KBNLresearch / ochre

Toolbox for OCR post-correction
Apache License 2.0
122 stars 18 forks source link

Error in align_output_to_input #5

Open omrishsu opened 6 years ago

omrishsu commented 6 years ago

In utils.py there is a try – except that try to align two strings. In case of an exception the code continues using the argument that was define in the try block.

def align_output_to_input(input_str, output_str, empty_char=u'@'):
    t_output_str = output_str.encode('ASCII', 'replace')
    t_input_str = input_str.encode('ASCII', 'replace')
    try:
        r = edlib.align(t_input_str, t_output_str, task='path')
    except:
        print(input_str)
        print(output_str)
    r1, r2 = align_characters(input_str, output_str, r.get('cigar'),
                              empty_char=empty_char, sanity_check=False)
    while len(r2) < len(input_str):
        r2.append(empty_char)
    return u''.join(r2)

I don’t know if this is acceptable to get an exception there but is so you can’t use r in the next statement. And if not, the try is redundant.
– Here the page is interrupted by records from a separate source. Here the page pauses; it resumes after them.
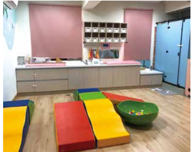
8個月至2歲遊戲區、護理台、尿布台
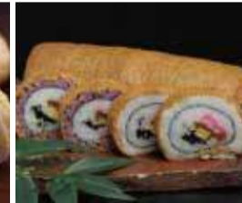
栃尾名産のあぶらげで巻い た太巻寿司。 〈たから寿司〉 あぶらげ巻寿司(5個入) 918円
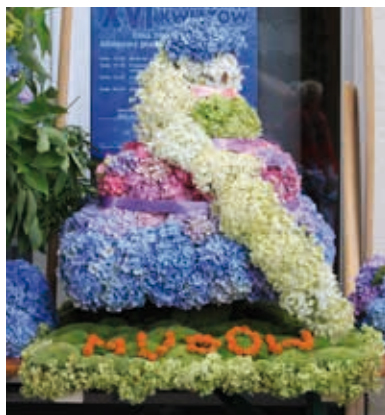
III miejsce - KGW Husów
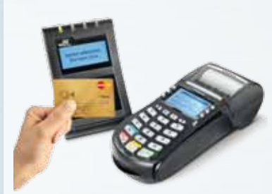
Schnell und sicher: Aduno Zahlterminals mit Kontaktlos-Funktion.
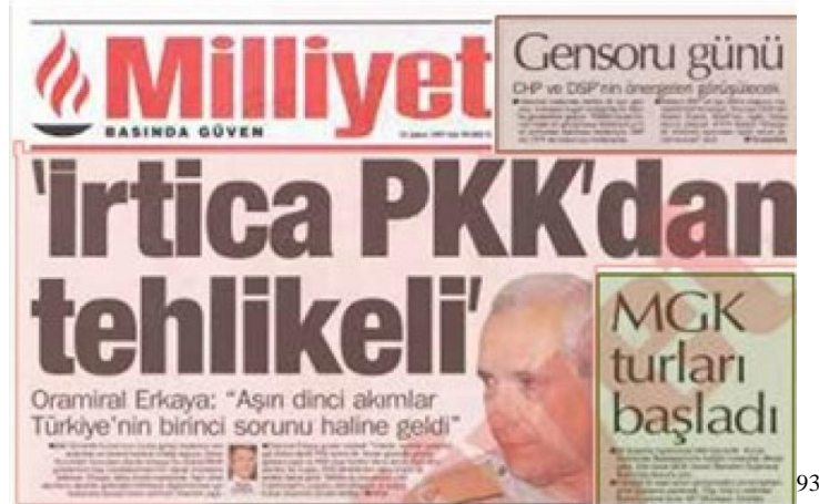
RESİM 4: İRTİCA PKK’DEN DAHA TEHLİKELİ

Bu arařtırmada sorulan, “Sizce bugün Türkiye için en ciddi tehlike nedir?” sorusuna ankete katılanların %12,6’sı “irtica” cevabını vermiřtir. Ayrıntılara bakıldıđında “ırkçılık tehlikesi”nin birinci sırada yer aldıđı Diyarbakır haricinde, tüm illerde “demokrasinin kesintiye uğraması en büyük tehlike” olarak görölmüřtür. İzmir’de “irtica”, İstanbul’da “ırkçılık”, diđer illerde ise “komünizm” ikinci büyük tehlike olarak görölmektedir. Arařtırmada bir başka dikkat çeken nokta ise “irtica” veya “dini geliřmeler”i tehlikeli olarak iřaretleyenlerin milletvekili aday özelliđi olarak, “sosyal demokratlıđı” ve “laikliđi” tercih etmesidir. 92 İrticayı bir tehdit olarak görenlerin oranının % 12,6 olması aynı zamanda Türkiye’de irticayı tehdit olarak görmeyenlerin oranının da %87,4 olduđunu gösteriyor. Yani halkın da orduyla aynı düşünmediđi görölmektedir
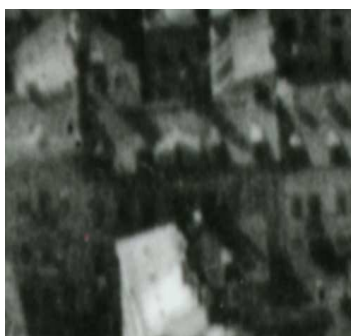
Fragment panoramy Lublina, lata 30., Lubartowska 10/A fragment of panorama of Lublin in the 1930s, Lubartowska 10,
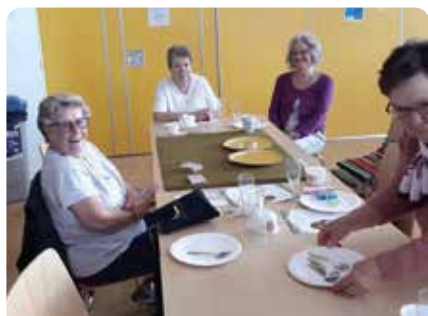
Rencontres tous les mardis, de 14 h à 17 h au Centre Camille Claus (1 er étage avec ascenseur)
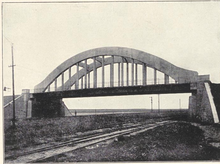
Straßenbrücke bei Rommerskirchen

In Oberhausen, Bruckhausen, Differdingen, Tilsit
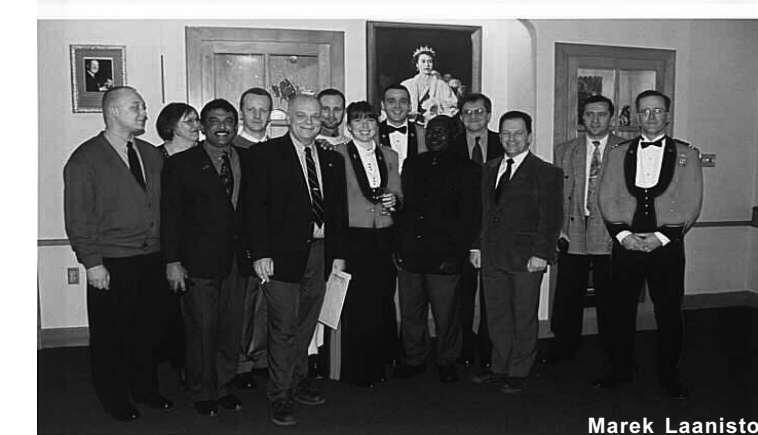
Rahuläbirääkijate kursus Kanadas

1. etapina võeti läbi rahuläbirääkimiste korraldamine ja sõdivate poolte esindajate vastandamine ühise laua taga. Kõik osavõtjad said kindla rollijuhise, mille järgi süveneti oma rolliosas toodud probleemide-
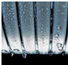
Echangeur de chaleur Inox-radial – durable et efficace
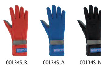
00134S..R 00134S..A 00134S..N

• Este modelo de luva em Nomex®, é muito confortável, extremamente segura, com ampla opções de cores.
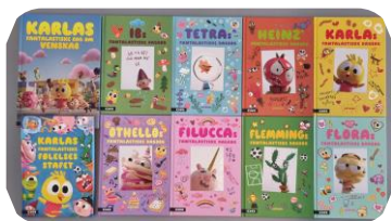
Lån Læsekasse – Karlas fantalastiske klasse
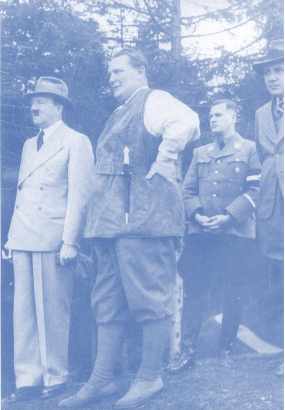
Hitler und Göring (daneben Baldur von Schirach) im Park des «Berghofes» auf dem Obersalzberg, Oktober 1936
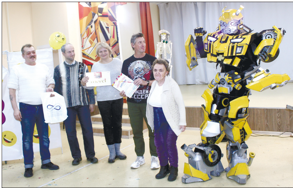
Команда «Дерзкие» из Юрги с Киборгом, пришедшим в гости на ИНВА-КВН.
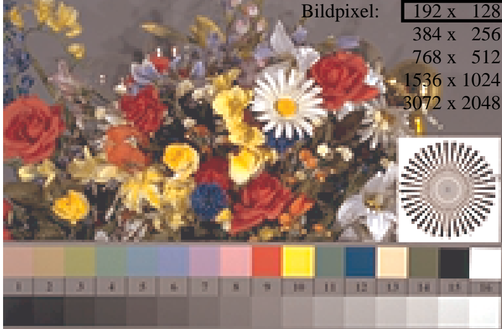
Bild B1: Blumenmotiv, 14 CIE-Prüfbarben sowie 2 + 16 Graustufen (sf); PS-Operatoren settransfer , 4 colorimage

Bildpixel: 192 x 128 384 x 256 768 x 512 1536 x 1024 3072 x 2048
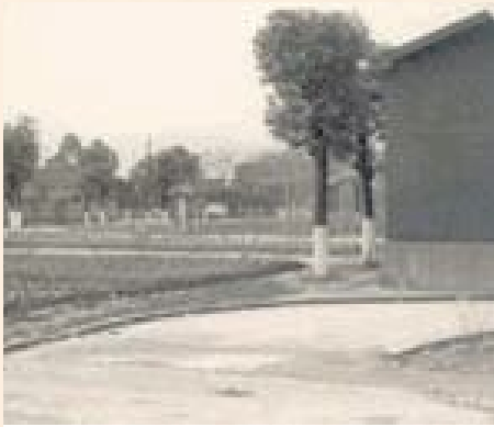
▲板橋榮家整建前實況。
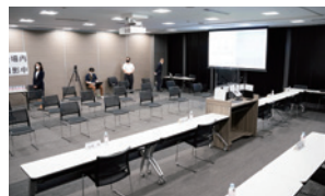
株主総会の裏側をお見せします！
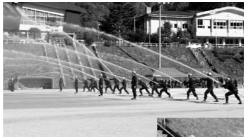
全団一斉に放水ははじめ!!
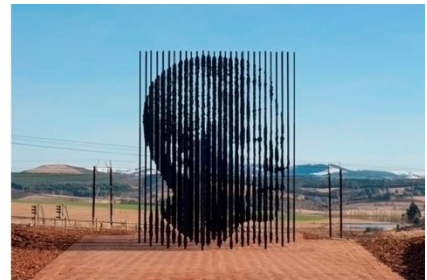
Marco Cianfanelli, Release (Soltura), 2012, África do Sul, aço pintado e cortado a laser, profundidade 20,8 m, altura 9,48 m e largura 5,19 m.

As imagens apresentam, de diversos ângulos, a escultura de Marco Cianfanelli em homenagem ao 50º aniversário da captura e prisão de Nelson Mandela, em 1962. A obra é composta por hastes de aço de altura variável, cortadas a laser e inseridas na paisagem, na província de KwaZulu-Natal, onde Mandela foi detido pelo regime do apartheid . Ao comentar a sua obra, o artista afirmou: "As 50 colunas representam os 50 anos que se passaram desde a sua captura, mas também sugerem a ideia de que muitos compõem um conjunto; referem-se à solidariedade. Indicam a ironia de que o encarceramento de Mandela o transformou em um ícone de luta, alimentando a resistência que levou o país à democracia".
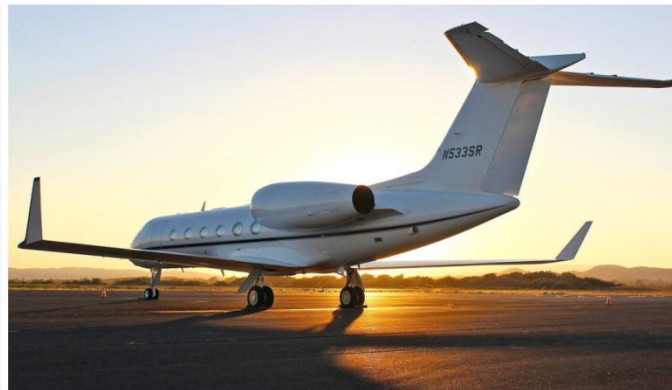
As of March 2024, 112 private planes were registered in India. Representative photo. CHRIS LEIPOLD

These events were the World Economic Forum in Switzerland; the Super Bowl in the U.S.; the COP28 climate talks in the U.A.E.; the Cannes Film Festival in
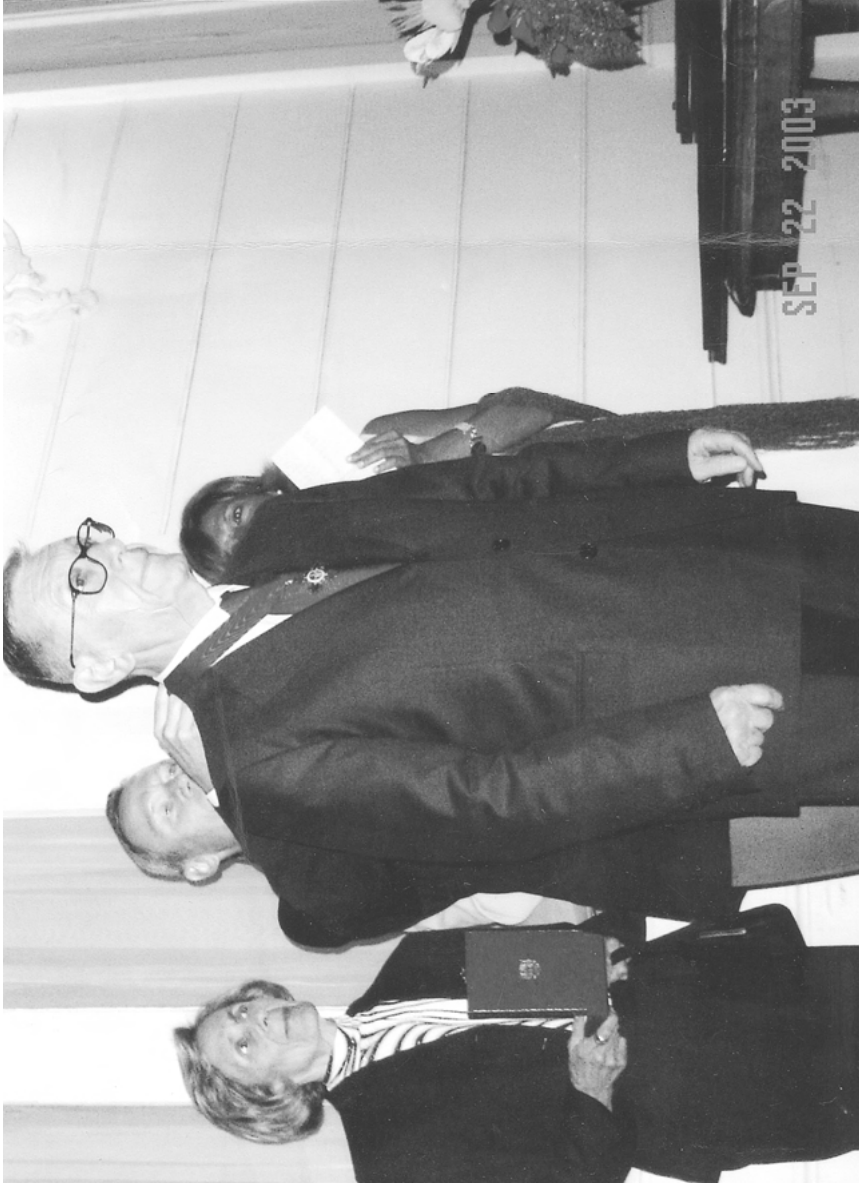
Bei der Verleihung des Ordens „Alfonso X. Del Sabio“ durch den spanischen Botschafter in der Türkei, Manuel de la Camara, 2003
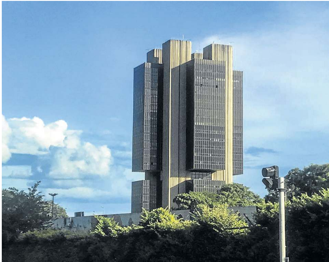
Em comunicado, Banco Central afirma que não hesitará em elevar a taxa, caso seja necessário

sobre a possibilidade de elevar a meta de inflação. De 11,25% em novembro, a previsão avançou para 12,50% nesta semana. Estudo do Itaú Unibanco alertou para
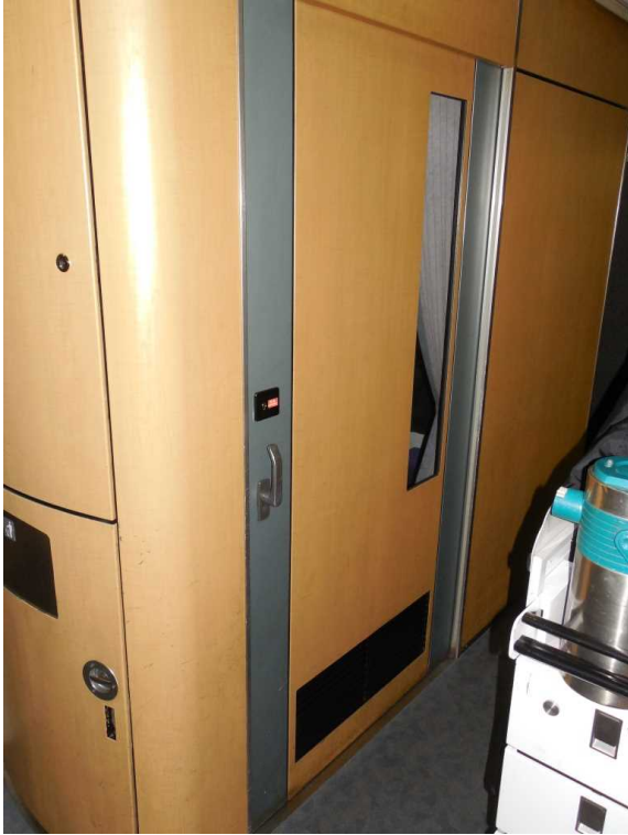
E653系「いなほ」4号車の多目的室
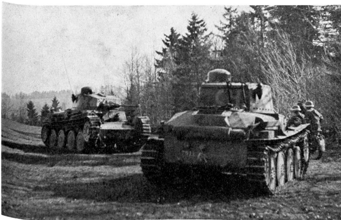
Mit dem 8,5 Tonnen schweren «Praga» hat unsere Armee im Aktivdienst geübt

Mit der Beschaffung mittelschwerer Panzer konnte erst im Frühjahr 1955 begonnen werden, nachdem eine besonders eingesetzte Panzerbeschaffungskommission den Ankauf des in Korea bewährten 50,5 Tonnen schweren britischen Panzers « Centurion » vorgeschlagen hatte. Diesem Antrag schlossen sich Bundesrat und eidgenössische Räte an. Eine erste Serie von 100 Stück des Typs « Centurion Mk. III » wurde vom Mai 1955 hinweg geliefert, und die Beschaffung einer zweiten Hunderter-Serie des etwas verbesserten Typs
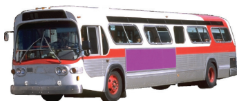
el autobús the bus
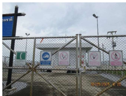
โครงการท่อส่งก๊าซธรรมชาติไปยังโรงไฟฟ้าหนองระเวียง 2
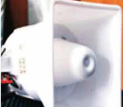
हरिभूमि न्यूज/ गाइरवारा।
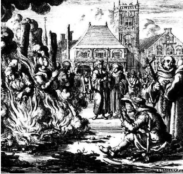
Heksenverbranding in Amsterdam in 1549

(door de bekende Nederlandse graveur Jan Luyken)

My input and output string (the prints) are: .rj-f - j r . m, w. 1 - .rj-f - j r . m, w. 1 –

And the exception is error: 'bytes' object has no attribute 'encode'

Please advice

Thanks!

jvdzwaan commented 6 years ago

The problem probably has to do with the fact that edlib expects a string instead of bytes. What version of Python are you using (edlib works best under Python 3). Also, ochre has the assumption that all input files are utf-8 encoded (this should be added to the documentation).

I thought you were interested in calculating performance, and not so much these experimental features of ochre.

Anyway, thank you for reporting the error. You are right that it should be changed :)

omrishsu commented 6 years ago

I'm using python 3.6. I've fixed it by commenting the following lines: t_output_str = output_str.encode('ASCII', 'replace') t_input_str = input_str.encode('ASCII', 'replace')

Well, I found this project interesting and i'm testing all of the functionality :)

jvdzwaan commented 6 years ago

Probably this encoding fix was only necessary for Python 2.7 (which I still use). Thank you!